P.D.: Si leyeras las datasheets minimamente, te darias cuenta de las diferentes funciones que cumplen ambos. Se que leerlas en Ingles nos cuesta, pero yo solo hablo castellano y aprendi a entenderlas por que sino no podria trabajar en esto (la ELECTRÓNICA) que me agrada muchisimo.


----------



## Josefe17 (Jul 7, 2011)

Muchísimas gracias por todo, ya que todavía ando "trepando" entre todo.
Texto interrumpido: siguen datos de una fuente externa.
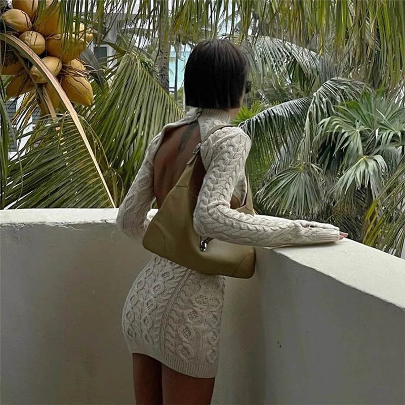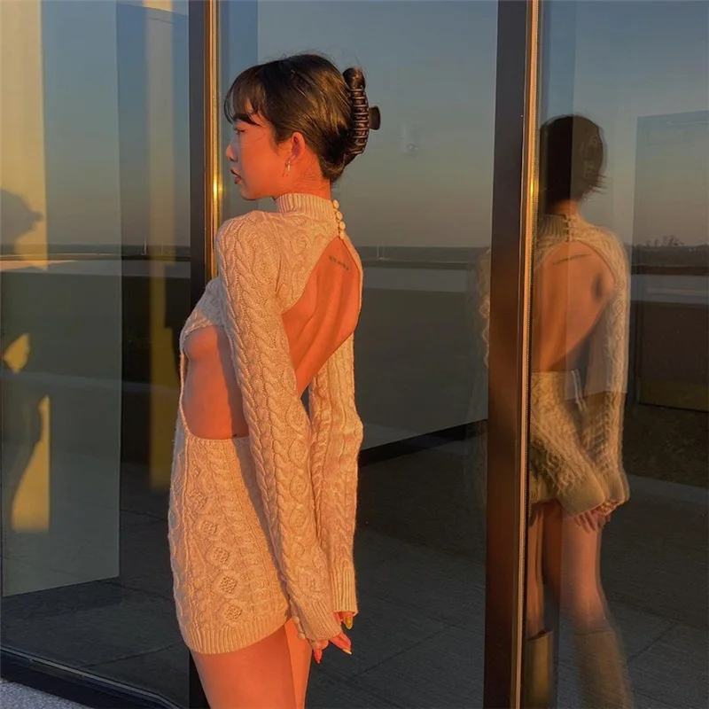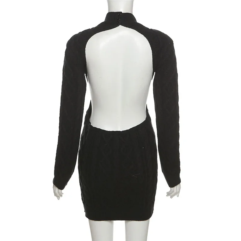 Женское трикотажное мини-платье Cryptographic, элегантное теплое платье с длинным рукавом и открытой спиной, Осень-зима
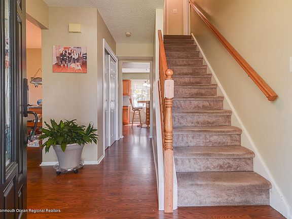 Updated spacious colonial at the end of a dead end street. Extra Large irregular lot. Eat in kitchen has carrion counter tops, newer appliances, built in breakfast counter, which opens to a family room with sliders to backyard. Formal dining room, with sliders onto deck surrounding the pool. Spacious living room and laminate floors though out downstairs. Laundry room, 1/2 bath and entrance to garage. Upstairs has large master bedroom, has dressing area, walk-in closet, and updated bath with stone shower. 3 additional bedrooms. Newer Gas Heat & Central Air. Solar Panels are owned and fee is $86.00 monthly, leaving you with almost no electric bill for months.
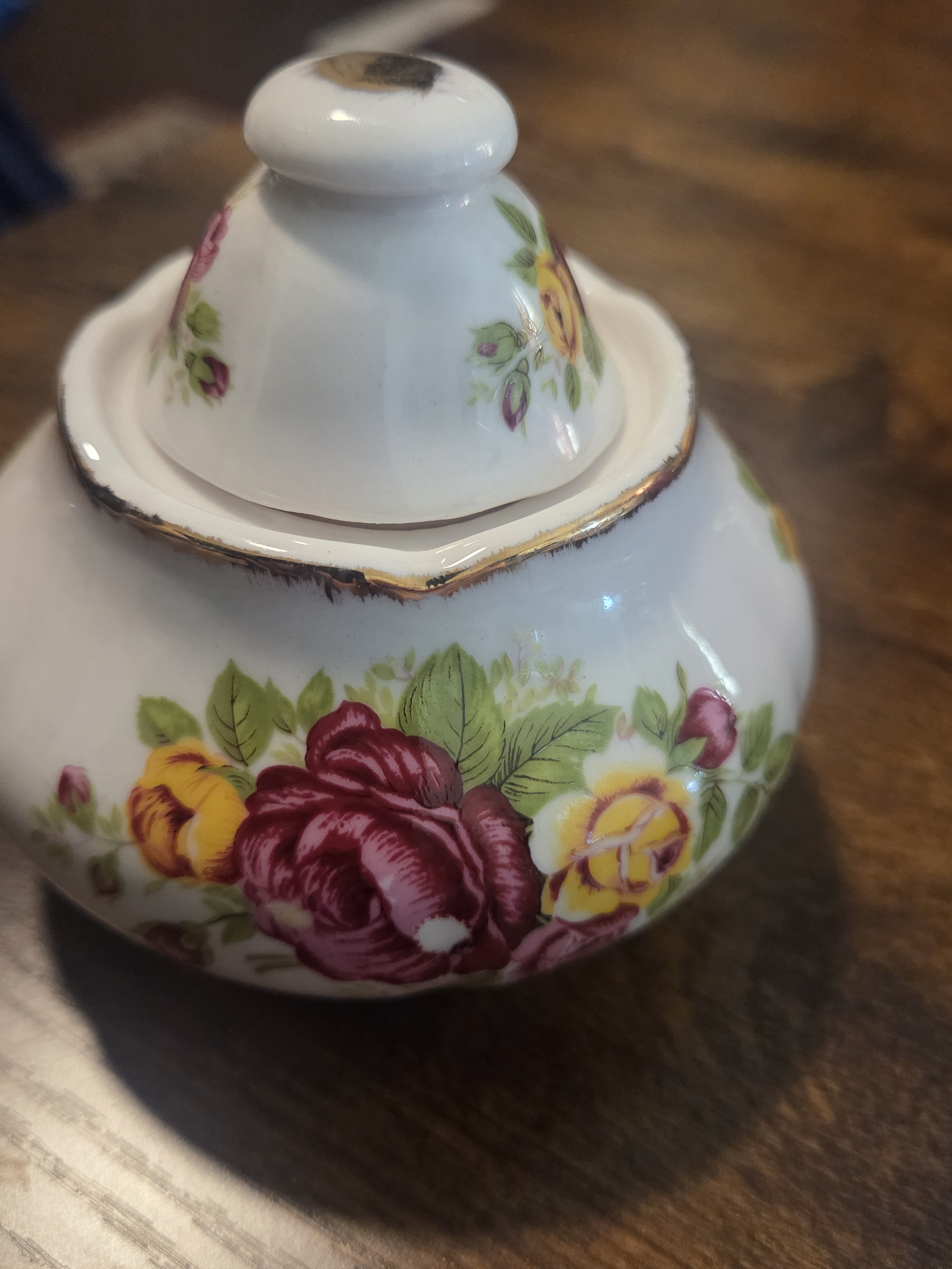 Sugar Bowl with lid. Lid has some gold leaf missing off top knob as expected with decades of use. Small spot of Rose color missing from 1 rose on the side. No cracks or chips.
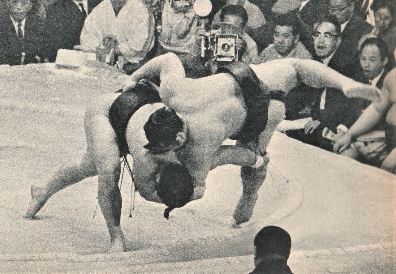 Le dixième jour du tournoi de novembre 1968, Futagodake (à gauche) remporte la victoire contre Uminoyama grâce à un sotomusô. Futagodake maîtrisait également la variante uchimusô. (Avec l’aimable autorisation du journal Ôzumô)
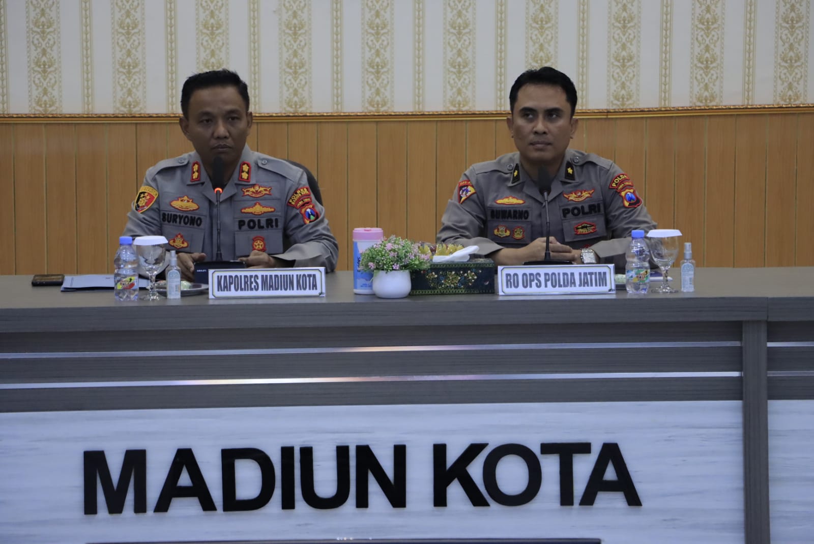 KOTA MADIUN – Akuratmedianews.com Bertempat di Gedung Sunaryo Polres Madiun Kota berlangsung rapat kordinasi (rakor) pengamanan konser musik Denny Caknan, dipimpin Kapolres Madiun Kota AKBP Suryono, SH., SIK., MH. mengundang stake holder terkait, adapun yang hadir dalam rakor tersebut dari Kodim 0803 Madiun, Denpom V/1 Madiun, Yonif PR 501 BJ, Yon Ko 463 Kopasgat, Dishub, Satpol PP, Dinkes dan EO Show Nation, serta hadir juga dari Ro Ops Polda Jatim Kompol Suwarno, Kamis (12/1/2023).

Eso sí, lo que no entiendo es por qué dices que se conecta a 12V y se quema, si lo que yo digo hacer es esto, coger y quitar R6 de 470 ohm, y el regulador LM336-5V D1, y coger y conectar, la patilla de referencia del regulador LM7805 a masa (-) (donde iba el nº 3), IN al cable que viene de la batería 12V (+) y OUT 5V a las entradas no inversoras de los 4 comparadores, con los condensadores respectivos que el integrado necesita.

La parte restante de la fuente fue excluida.